Dataset records:
>>>>
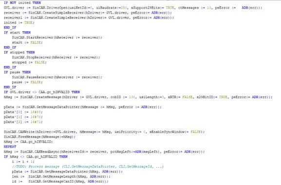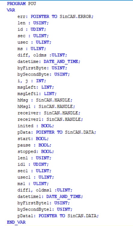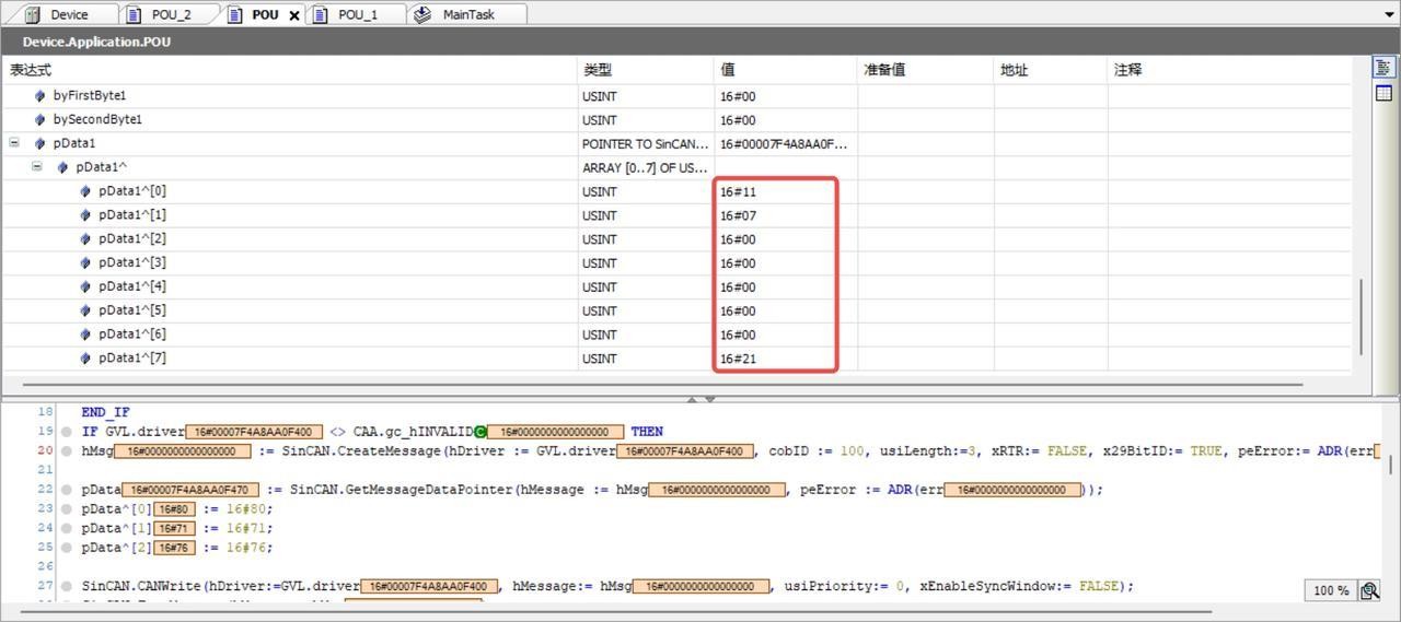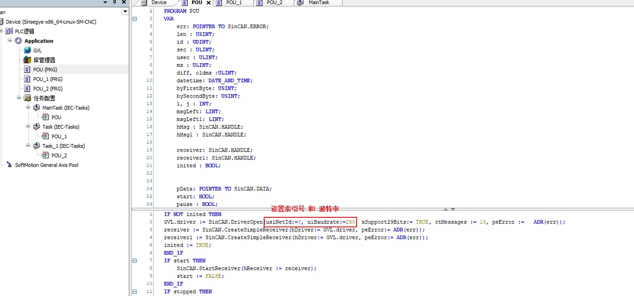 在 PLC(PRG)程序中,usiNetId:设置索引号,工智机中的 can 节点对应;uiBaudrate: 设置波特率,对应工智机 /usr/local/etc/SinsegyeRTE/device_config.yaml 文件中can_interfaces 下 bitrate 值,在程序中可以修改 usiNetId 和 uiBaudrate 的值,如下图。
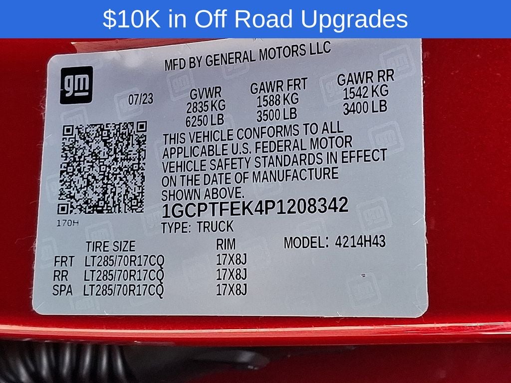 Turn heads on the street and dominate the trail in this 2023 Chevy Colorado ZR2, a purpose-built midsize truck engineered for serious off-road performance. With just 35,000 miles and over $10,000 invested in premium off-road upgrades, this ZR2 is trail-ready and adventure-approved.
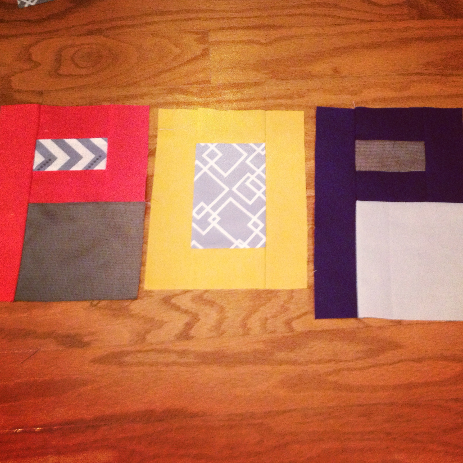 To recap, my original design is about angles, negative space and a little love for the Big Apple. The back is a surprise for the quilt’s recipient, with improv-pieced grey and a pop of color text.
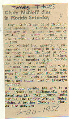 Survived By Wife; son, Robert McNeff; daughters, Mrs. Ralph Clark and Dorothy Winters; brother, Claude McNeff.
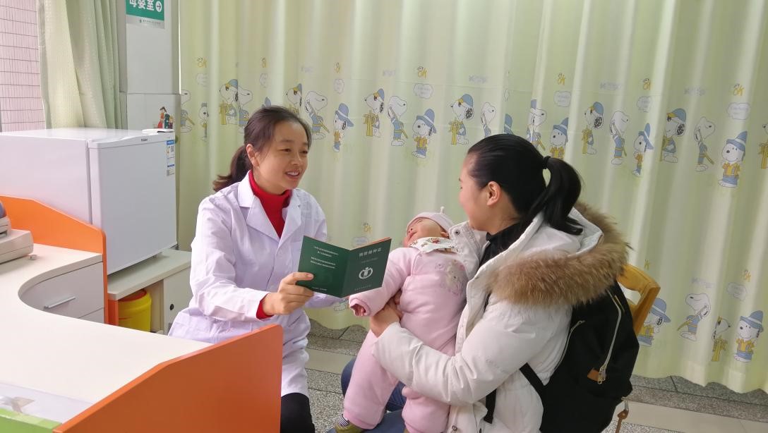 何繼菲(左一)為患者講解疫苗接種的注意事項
<<<<
● **WHAT THIS TASK INVOLVES**
Each line from the one containing "To recap, my" through the end of the records above is to be retyped exactly, with the pictures omitted and nothing added.

● **RESPONSE**
 To recap, my original design is about angles, negative space and a little love for the Big Apple. The back is a surprise for the quilt’s recipient, with improv-pieced grey and a pop of color text.
 Survived By Wife; son, Robert McNeff; daughters, Mrs. Ralph Clark and Dorothy Winters; brother, Claude McNeff.
 何繼菲(左一)為患者講解疫苗接種的注意事項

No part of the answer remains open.